Information supplied.
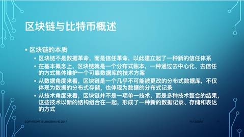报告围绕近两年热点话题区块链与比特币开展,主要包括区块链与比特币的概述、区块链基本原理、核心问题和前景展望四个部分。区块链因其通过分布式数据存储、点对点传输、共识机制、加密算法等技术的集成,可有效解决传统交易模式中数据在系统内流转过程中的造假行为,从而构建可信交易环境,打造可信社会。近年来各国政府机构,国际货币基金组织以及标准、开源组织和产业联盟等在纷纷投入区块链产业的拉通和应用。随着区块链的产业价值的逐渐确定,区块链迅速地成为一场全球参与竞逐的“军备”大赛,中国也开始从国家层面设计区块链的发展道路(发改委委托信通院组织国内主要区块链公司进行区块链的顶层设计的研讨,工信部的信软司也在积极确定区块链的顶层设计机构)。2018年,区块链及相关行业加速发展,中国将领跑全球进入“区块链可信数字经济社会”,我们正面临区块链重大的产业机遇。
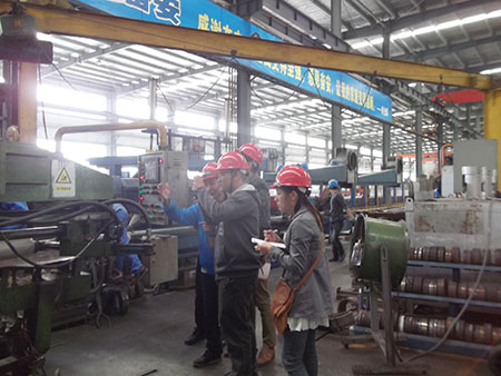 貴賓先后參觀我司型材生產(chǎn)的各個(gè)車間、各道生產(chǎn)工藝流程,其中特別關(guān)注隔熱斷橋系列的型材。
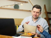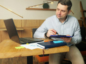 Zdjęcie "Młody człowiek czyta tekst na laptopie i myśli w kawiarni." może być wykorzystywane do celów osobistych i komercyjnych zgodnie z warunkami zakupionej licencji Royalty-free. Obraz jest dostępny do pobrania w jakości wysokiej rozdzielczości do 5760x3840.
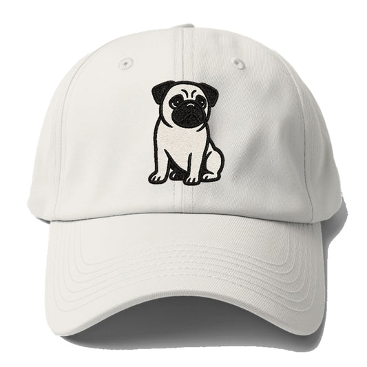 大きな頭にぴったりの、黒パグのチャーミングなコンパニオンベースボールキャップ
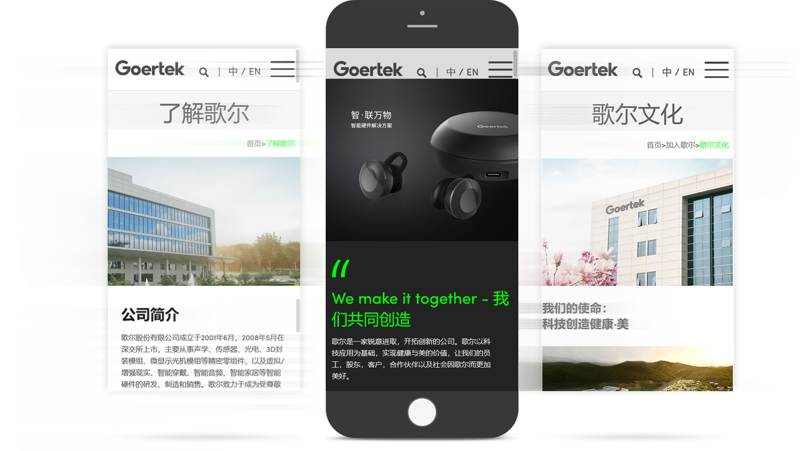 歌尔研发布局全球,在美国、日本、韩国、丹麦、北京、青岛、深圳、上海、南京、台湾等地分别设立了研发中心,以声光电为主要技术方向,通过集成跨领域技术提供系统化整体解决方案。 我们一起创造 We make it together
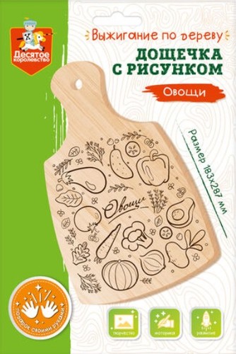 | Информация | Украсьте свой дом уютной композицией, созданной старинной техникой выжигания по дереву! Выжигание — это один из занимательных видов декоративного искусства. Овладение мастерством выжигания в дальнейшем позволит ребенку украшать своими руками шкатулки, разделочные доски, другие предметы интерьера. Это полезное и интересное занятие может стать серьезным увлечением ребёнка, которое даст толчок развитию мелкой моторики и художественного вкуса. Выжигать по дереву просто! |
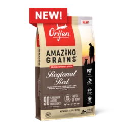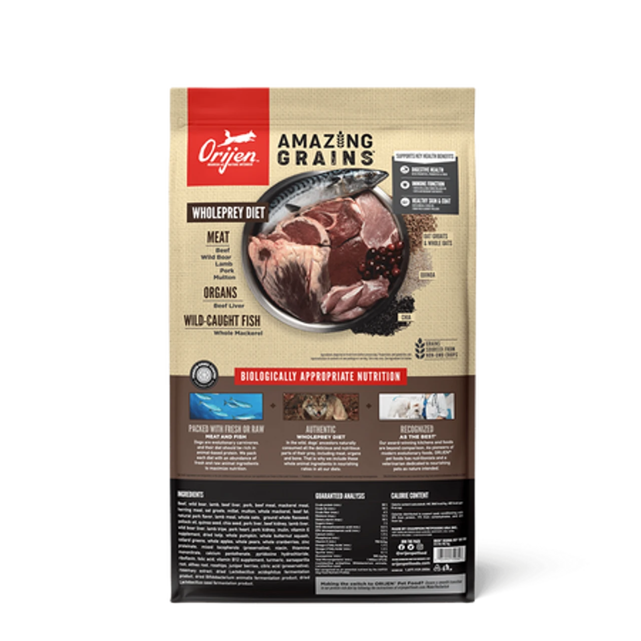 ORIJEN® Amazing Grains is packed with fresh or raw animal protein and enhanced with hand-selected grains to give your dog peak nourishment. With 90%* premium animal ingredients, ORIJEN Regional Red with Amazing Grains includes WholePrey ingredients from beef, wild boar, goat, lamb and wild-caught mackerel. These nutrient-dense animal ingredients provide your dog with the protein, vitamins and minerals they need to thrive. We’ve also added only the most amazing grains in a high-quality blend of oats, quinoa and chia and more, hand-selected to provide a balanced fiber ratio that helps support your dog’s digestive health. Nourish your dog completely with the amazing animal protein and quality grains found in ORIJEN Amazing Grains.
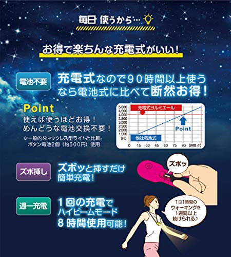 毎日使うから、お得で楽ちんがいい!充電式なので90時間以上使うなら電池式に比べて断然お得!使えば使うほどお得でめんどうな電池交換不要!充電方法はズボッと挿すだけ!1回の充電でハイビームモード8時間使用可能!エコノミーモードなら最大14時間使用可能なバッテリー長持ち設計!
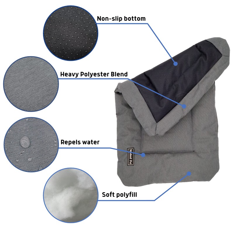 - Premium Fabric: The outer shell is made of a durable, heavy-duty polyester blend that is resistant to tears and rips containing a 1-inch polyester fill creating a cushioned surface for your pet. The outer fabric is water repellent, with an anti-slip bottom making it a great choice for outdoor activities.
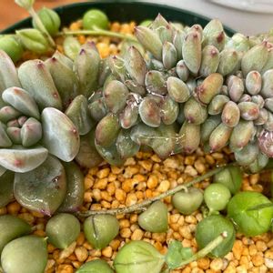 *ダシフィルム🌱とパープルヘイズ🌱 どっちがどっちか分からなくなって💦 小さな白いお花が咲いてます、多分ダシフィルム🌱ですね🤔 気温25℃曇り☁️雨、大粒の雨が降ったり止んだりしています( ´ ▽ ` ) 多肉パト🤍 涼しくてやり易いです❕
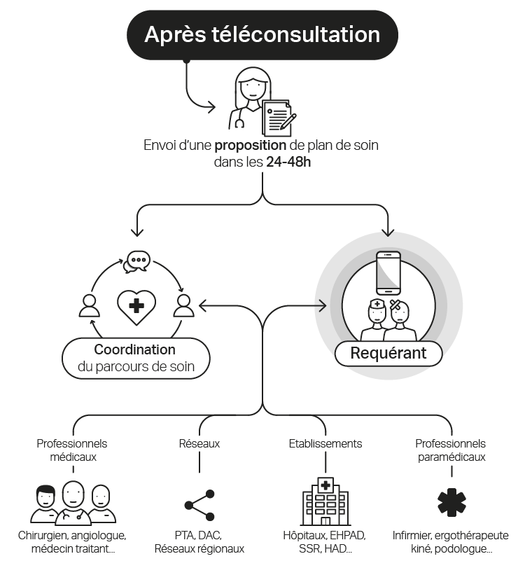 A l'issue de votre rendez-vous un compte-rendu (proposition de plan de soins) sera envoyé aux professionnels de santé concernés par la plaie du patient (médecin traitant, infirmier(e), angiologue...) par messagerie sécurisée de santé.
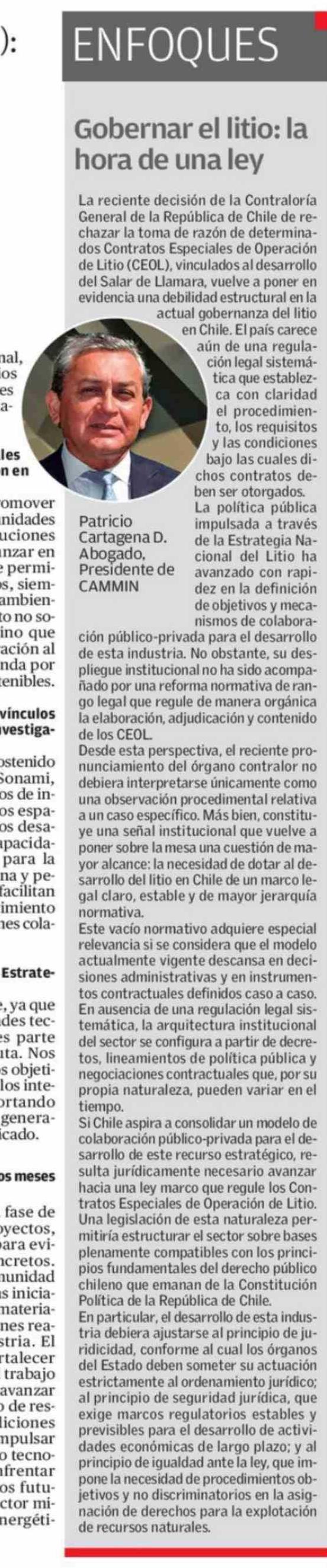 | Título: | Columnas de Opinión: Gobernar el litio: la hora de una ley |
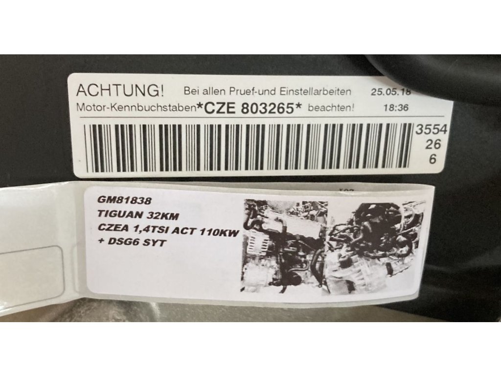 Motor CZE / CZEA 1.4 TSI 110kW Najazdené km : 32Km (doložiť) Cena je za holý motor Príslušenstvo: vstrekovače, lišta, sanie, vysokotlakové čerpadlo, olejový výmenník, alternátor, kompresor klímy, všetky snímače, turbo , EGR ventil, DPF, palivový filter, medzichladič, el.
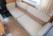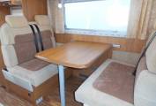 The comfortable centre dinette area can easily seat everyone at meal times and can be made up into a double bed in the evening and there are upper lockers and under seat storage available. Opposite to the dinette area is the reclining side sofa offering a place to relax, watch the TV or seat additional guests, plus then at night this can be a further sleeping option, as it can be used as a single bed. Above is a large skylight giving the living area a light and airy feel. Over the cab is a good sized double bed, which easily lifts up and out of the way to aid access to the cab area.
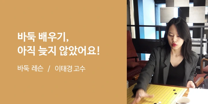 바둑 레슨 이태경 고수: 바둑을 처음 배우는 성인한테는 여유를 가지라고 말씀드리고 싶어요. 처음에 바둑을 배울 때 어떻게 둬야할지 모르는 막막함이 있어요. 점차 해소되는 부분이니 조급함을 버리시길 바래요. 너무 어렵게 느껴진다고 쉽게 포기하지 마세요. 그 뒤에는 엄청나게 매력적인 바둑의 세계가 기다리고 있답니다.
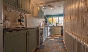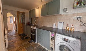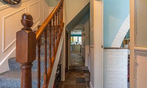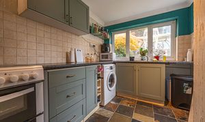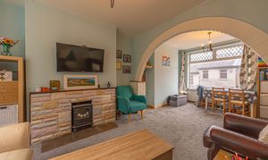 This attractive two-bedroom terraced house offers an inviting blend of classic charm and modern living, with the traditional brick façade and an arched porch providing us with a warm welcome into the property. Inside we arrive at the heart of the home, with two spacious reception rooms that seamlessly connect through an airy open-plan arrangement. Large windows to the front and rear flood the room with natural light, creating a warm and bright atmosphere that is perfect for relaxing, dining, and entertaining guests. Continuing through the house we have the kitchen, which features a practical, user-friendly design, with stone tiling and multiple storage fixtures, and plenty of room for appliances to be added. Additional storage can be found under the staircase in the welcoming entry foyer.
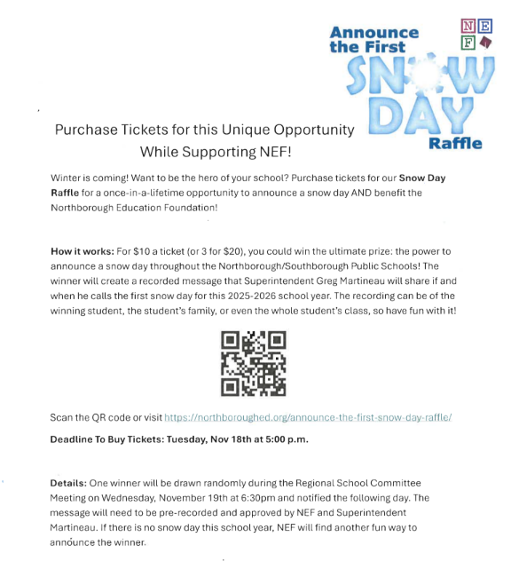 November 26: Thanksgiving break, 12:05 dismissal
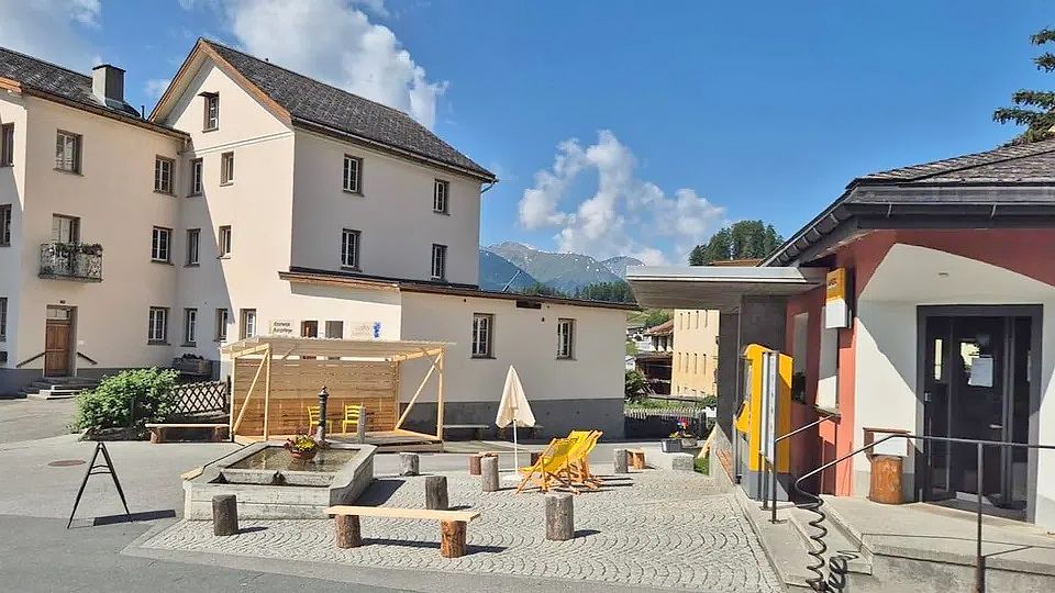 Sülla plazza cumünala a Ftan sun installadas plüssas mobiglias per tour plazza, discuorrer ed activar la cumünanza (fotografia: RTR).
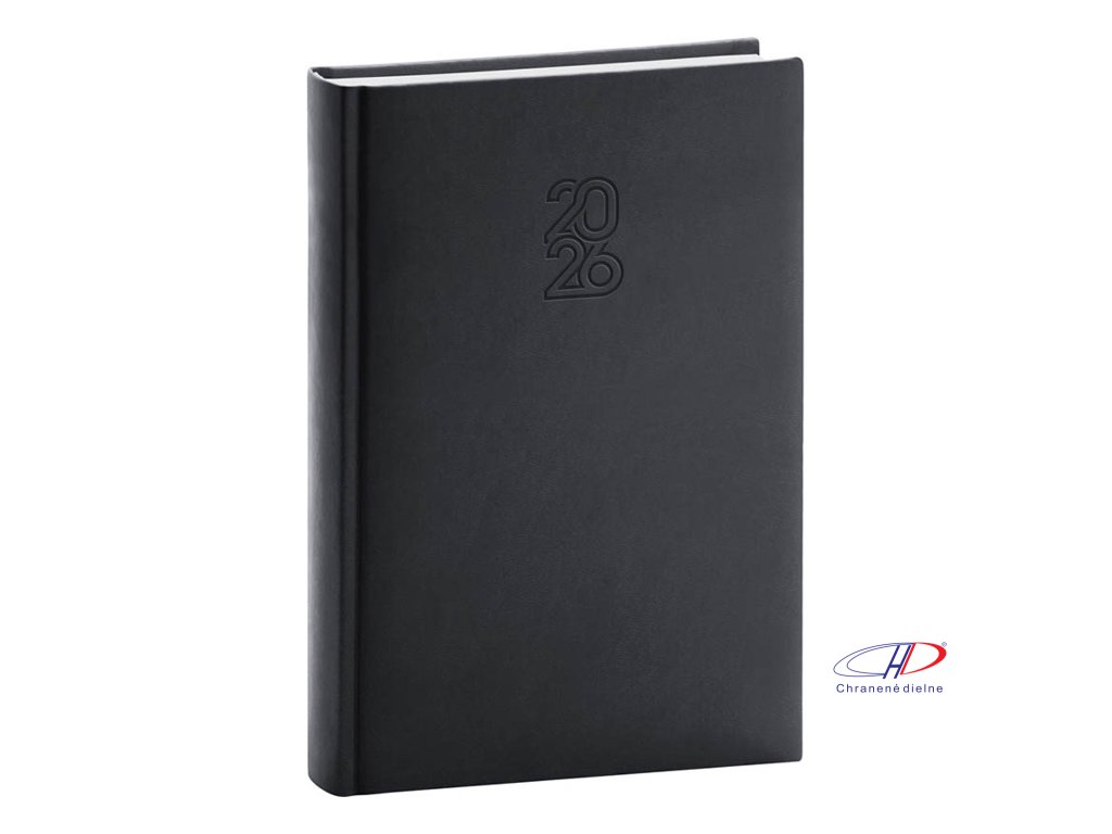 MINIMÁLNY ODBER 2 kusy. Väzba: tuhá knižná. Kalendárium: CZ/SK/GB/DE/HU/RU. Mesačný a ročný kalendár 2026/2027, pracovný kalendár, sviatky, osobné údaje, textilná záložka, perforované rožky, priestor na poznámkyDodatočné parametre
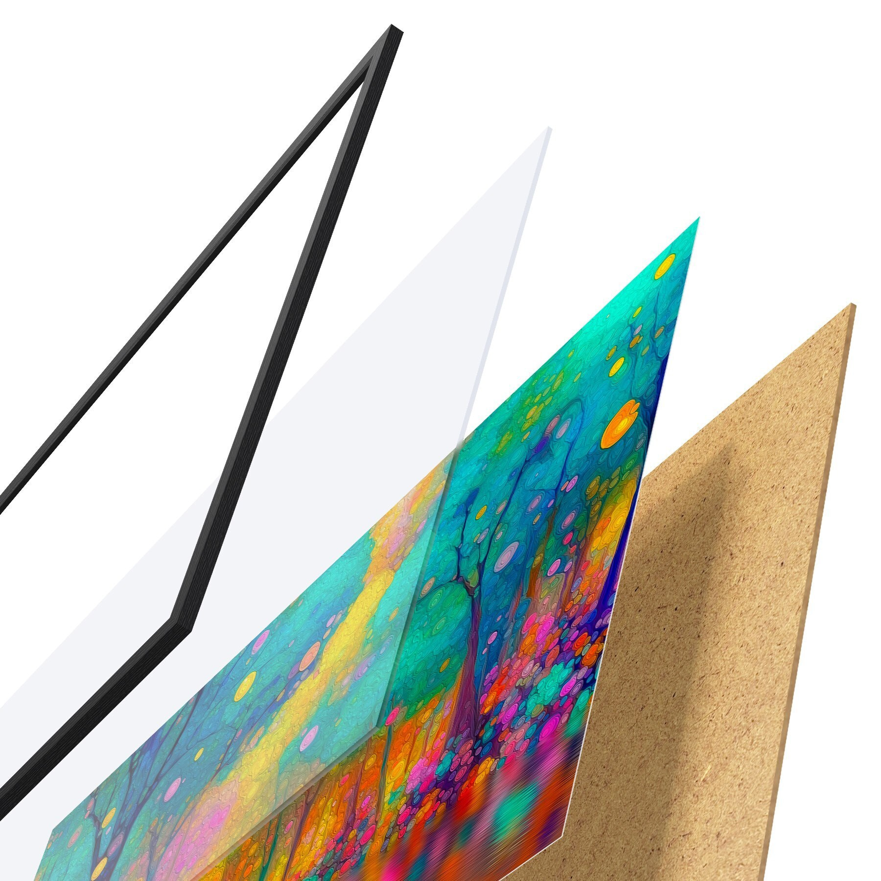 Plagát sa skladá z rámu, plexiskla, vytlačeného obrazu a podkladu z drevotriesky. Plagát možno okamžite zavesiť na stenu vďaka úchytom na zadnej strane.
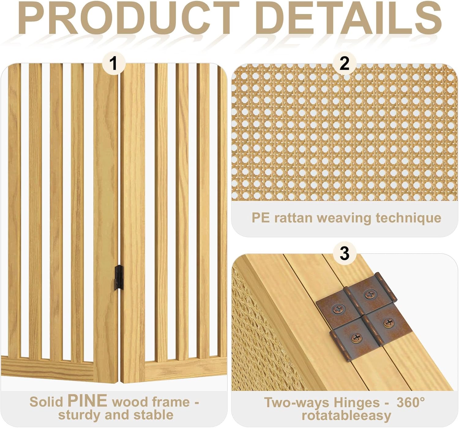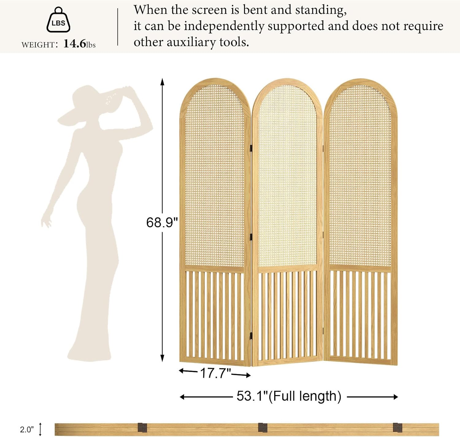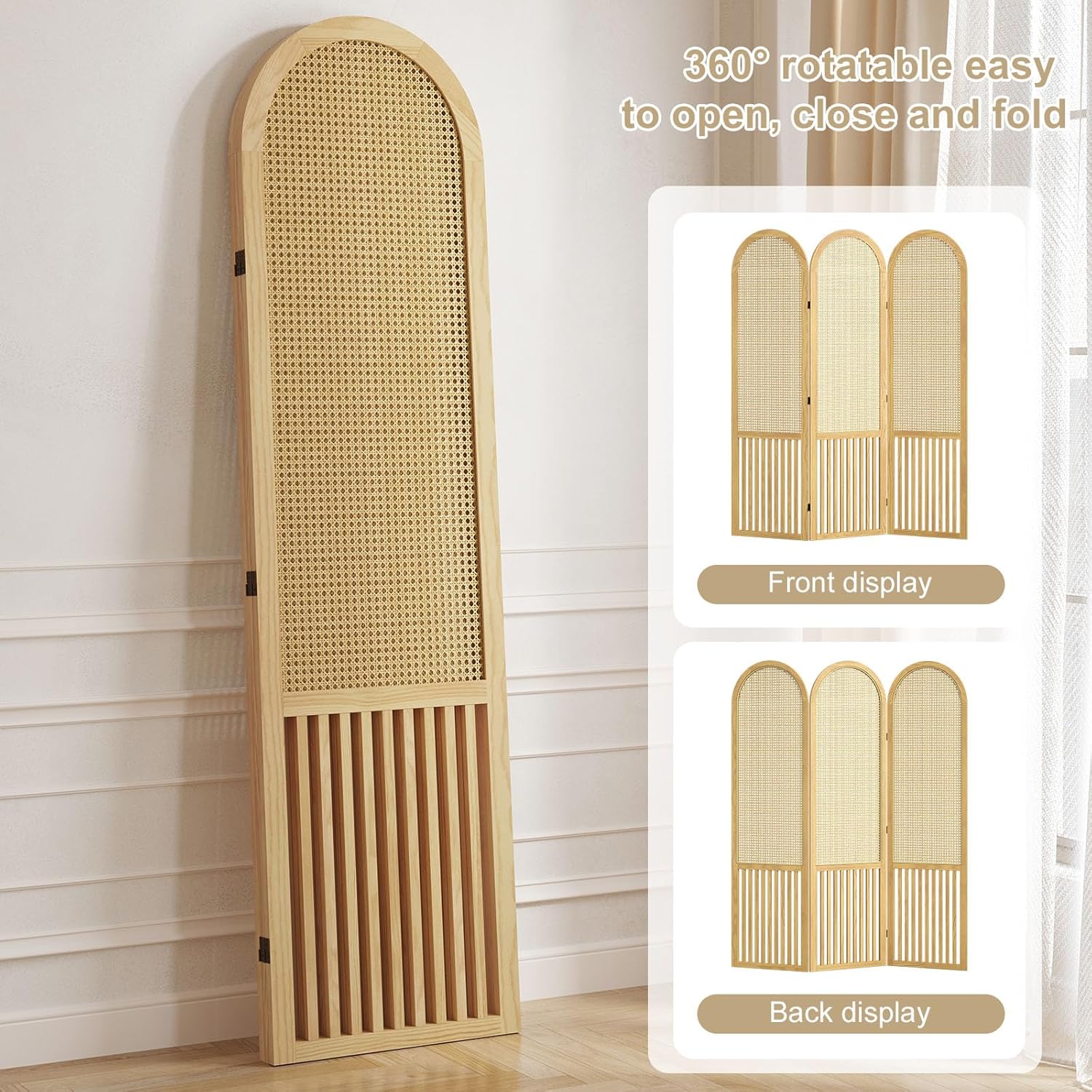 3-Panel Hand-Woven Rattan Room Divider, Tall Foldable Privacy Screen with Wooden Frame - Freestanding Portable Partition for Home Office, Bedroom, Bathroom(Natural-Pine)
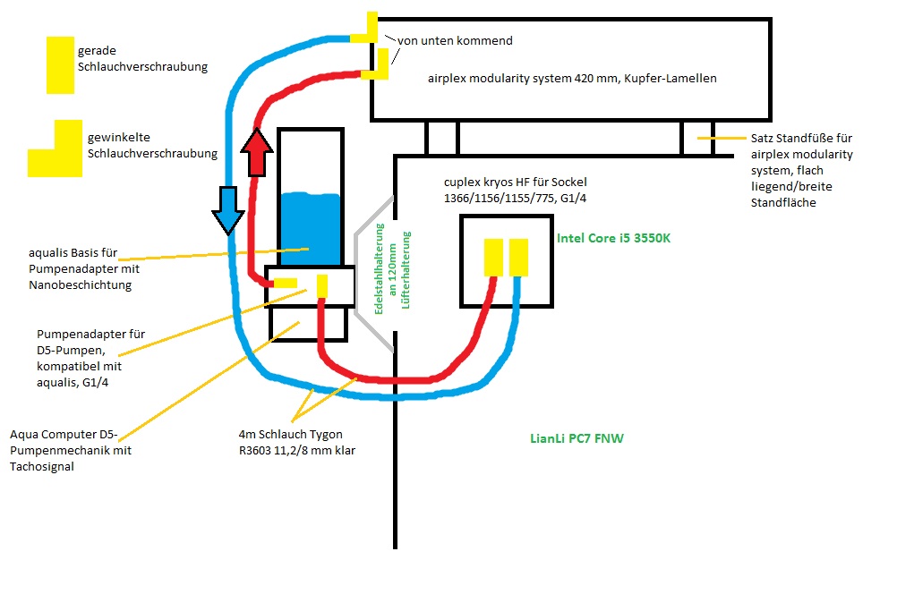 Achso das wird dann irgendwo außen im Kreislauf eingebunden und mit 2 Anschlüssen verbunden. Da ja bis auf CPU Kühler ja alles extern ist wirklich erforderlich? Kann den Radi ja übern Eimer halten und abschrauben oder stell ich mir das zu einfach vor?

Task to complete. Could you set down, exactly as written, every line from the start of the records above through the line containing "大きな頭にぴったりの、黒パグのチャーミングなコンパニオンベースボールキャップ", leaving the pictures out?

Response box.
报告围绕近两年热点话题区块链与比特币开展,主要包括区块链与比特币的概述、区块链基本原理、核心问题和前景展望四个部分。区块链因其通过分布式数据存储、点对点传输、共识机制、加密算法等技术的集成,可有效解决传统交易模式中数据在系统内流转过程中的造假行为,从而构建可信交易环境,打造可信社会。近年来各国政府机构,国际货币基金组织以及标准、开源组织和产业联盟等在纷纷投入区块链产业的拉通和应用。随着区块链的产业价值的逐渐确定,区块链迅速地成为一场全球参与竞逐的“军备”大赛,中国也开始从国家层面设计区块链的发展道路(发改委委托信通院组织国内主要区块链公司进行区块链的顶层设计的研讨,工信部的信软司也在积极确定区块链的顶层设计机构)。2018年,区块链及相关行业加速发展,中国将领跑全球进入“区块链可信数字经济社会”,我们正面临区块链重大的产业机遇。
 貴賓先后參觀我司型材生產(chǎn)的各個(gè)車間、各道生產(chǎn)工藝流程,其中特別關(guān)注隔熱斷橋系列的型材。
 Zdjęcie "Młody człowiek czyta tekst na laptopie i myśli w kawiarni." może być wykorzystywane do celów osobistych i komercyjnych zgodnie z warunkami zakupionej licencji Royalty-free. Obraz jest dostępny do pobrania w jakości wysokiej rozdzielczości do 5760x3840.
 大きな頭にぴったりの、黒パグのチャーミングなコンパニオンベースボールキャップ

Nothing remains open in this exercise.